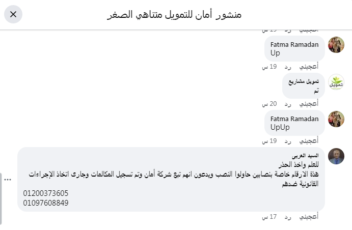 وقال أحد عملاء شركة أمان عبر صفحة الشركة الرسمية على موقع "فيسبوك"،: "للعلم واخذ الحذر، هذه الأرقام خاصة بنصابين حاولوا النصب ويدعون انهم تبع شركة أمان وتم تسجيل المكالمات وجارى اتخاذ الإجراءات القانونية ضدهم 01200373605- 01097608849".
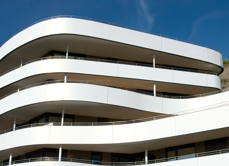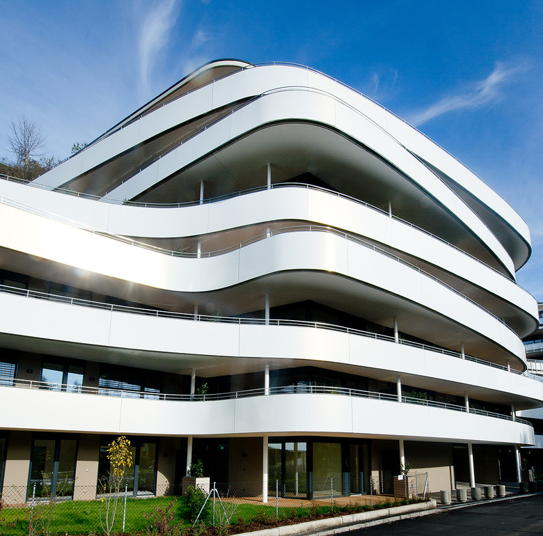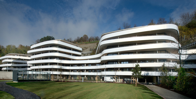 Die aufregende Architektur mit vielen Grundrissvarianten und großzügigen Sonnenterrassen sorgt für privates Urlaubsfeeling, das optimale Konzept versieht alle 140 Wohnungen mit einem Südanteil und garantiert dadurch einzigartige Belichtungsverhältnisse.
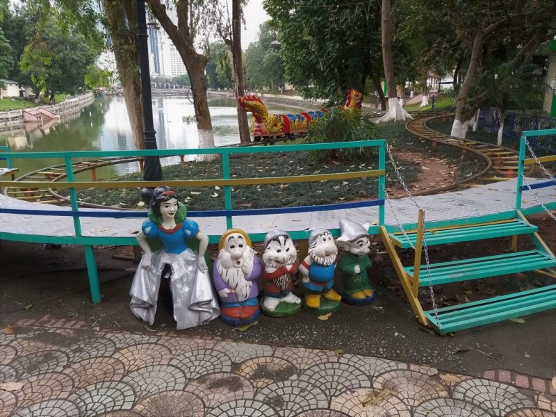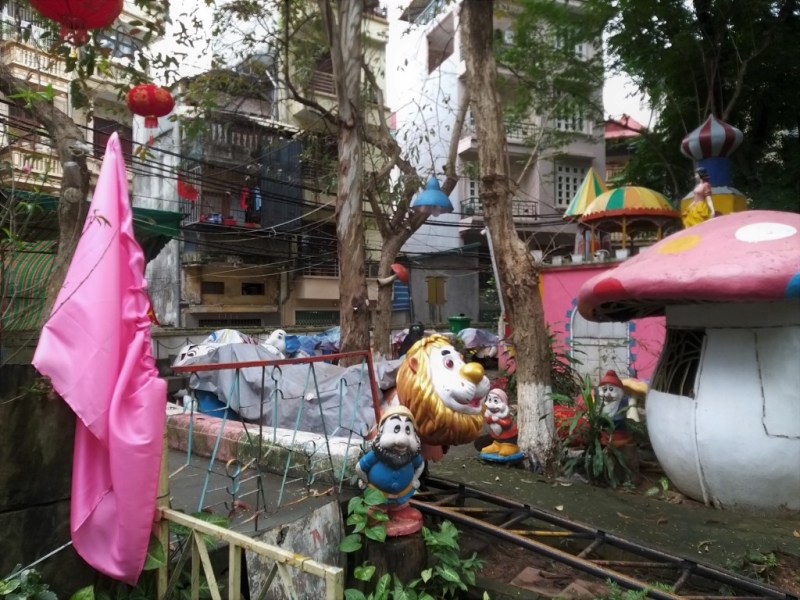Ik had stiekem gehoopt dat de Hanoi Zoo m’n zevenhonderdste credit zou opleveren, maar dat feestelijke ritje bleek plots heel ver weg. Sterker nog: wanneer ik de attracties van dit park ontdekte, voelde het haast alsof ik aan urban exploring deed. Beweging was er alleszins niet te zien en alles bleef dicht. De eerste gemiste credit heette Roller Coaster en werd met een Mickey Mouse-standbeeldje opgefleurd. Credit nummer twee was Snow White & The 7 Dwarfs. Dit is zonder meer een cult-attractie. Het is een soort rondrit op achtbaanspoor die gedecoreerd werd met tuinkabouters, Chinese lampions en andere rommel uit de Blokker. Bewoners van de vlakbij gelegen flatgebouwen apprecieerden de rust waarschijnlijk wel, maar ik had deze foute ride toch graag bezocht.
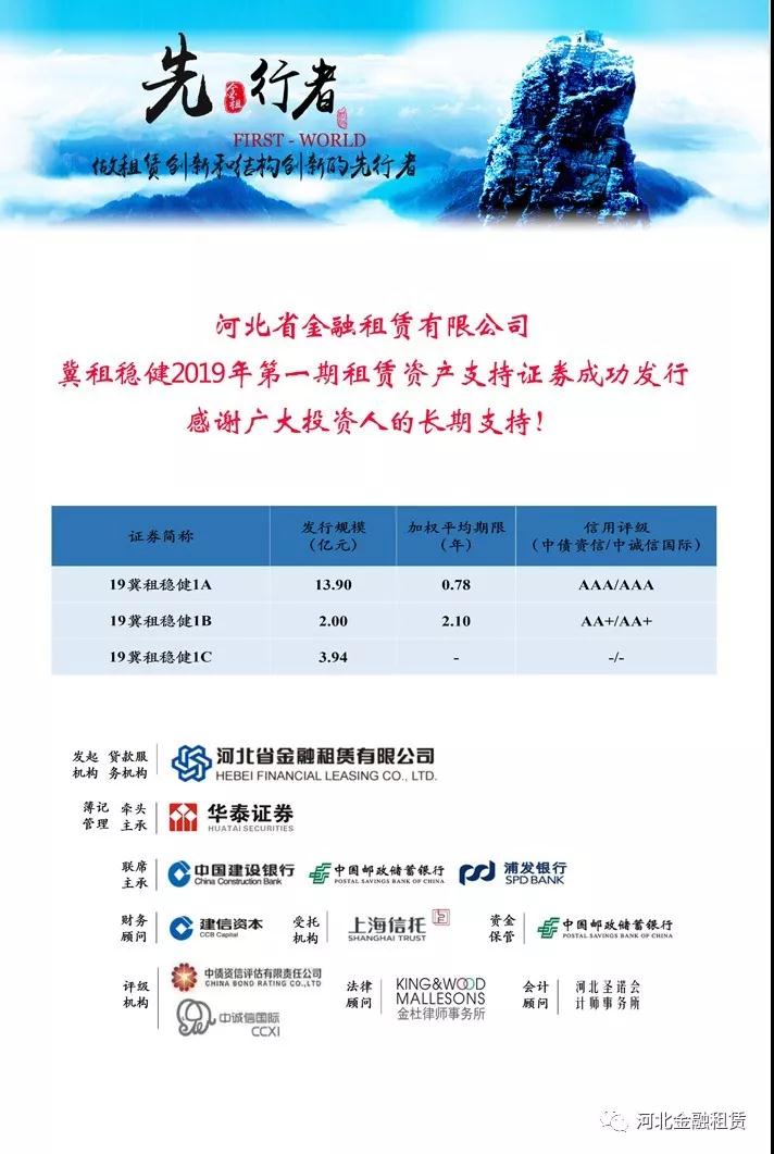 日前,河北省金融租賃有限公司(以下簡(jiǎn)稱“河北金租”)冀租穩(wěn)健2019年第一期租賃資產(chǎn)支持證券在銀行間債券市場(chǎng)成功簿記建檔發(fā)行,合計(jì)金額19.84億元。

...

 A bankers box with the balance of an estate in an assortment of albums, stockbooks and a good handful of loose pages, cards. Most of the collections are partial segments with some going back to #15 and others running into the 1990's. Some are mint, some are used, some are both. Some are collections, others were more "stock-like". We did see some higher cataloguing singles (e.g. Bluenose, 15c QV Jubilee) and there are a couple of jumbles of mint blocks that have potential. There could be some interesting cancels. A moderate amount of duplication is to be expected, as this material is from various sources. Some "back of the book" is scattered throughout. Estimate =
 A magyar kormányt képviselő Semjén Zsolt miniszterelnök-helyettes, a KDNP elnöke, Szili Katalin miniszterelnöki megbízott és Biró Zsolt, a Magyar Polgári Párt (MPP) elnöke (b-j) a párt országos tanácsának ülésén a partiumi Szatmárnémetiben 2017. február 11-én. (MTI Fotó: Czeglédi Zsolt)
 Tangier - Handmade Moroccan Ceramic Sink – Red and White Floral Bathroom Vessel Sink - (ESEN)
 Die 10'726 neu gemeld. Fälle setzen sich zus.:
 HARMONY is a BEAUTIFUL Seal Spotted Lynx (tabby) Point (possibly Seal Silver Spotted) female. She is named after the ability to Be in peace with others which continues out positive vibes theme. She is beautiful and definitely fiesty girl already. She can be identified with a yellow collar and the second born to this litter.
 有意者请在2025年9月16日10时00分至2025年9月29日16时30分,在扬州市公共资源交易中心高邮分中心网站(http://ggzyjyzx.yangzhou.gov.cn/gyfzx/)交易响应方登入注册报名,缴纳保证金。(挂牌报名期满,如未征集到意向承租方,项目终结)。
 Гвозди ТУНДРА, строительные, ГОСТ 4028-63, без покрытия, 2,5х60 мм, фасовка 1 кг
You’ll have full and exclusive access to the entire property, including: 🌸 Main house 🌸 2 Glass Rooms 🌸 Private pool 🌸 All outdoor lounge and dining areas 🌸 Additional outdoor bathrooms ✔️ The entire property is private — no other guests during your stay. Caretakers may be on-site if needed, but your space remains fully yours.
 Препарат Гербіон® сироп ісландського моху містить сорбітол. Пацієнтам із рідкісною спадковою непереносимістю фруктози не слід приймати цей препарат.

:: TASK INSTRUCTIONS ::
Take the material above and output only the lines from the one that contains "وقال أحد عملاء" through the one that contains "Ik had stiekem", ends included and images left out.

:: ANSWER SECTION ::
 وقال أحد عملاء شركة أمان عبر صفحة الشركة الرسمية على موقع "فيسبوك"،: "للعلم واخذ الحذر، هذه الأرقام خاصة بنصابين حاولوا النصب ويدعون انهم تبع شركة أمان وتم تسجيل المكالمات وجارى اتخاذ الإجراءات القانونية ضدهم 01200373605- 01097608849".
 Die aufregende Architektur mit vielen Grundrissvarianten und großzügigen Sonnenterrassen sorgt für privates Urlaubsfeeling, das optimale Konzept versieht alle 140 Wohnungen mit einem Südanteil und garantiert dadurch einzigartige Belichtungsverhältnisse.
Ik had stiekem gehoopt dat de Hanoi Zoo m’n zevenhonderdste credit zou opleveren, maar dat feestelijke ritje bleek plots heel ver weg. Sterker nog: wanneer ik de attracties van dit park ontdekte, voelde het haast alsof ik aan urban exploring deed. Beweging was er alleszins niet te zien en alles bleef dicht. De eerste gemiste credit heette Roller Coaster en werd met een Mickey Mouse-standbeeldje opgefleurd. Credit nummer twee was Snow White & The 7 Dwarfs. Dit is zonder meer een cult-attractie. Het is een soort rondrit op achtbaanspoor die gedecoreerd werd met tuinkabouters, Chinese lampions en andere rommel uit de Blokker. Bewoners van de vlakbij gelegen flatgebouwen apprecieerden de rust waarschijnlijk wel, maar ik had deze foute ride toch graag bezocht.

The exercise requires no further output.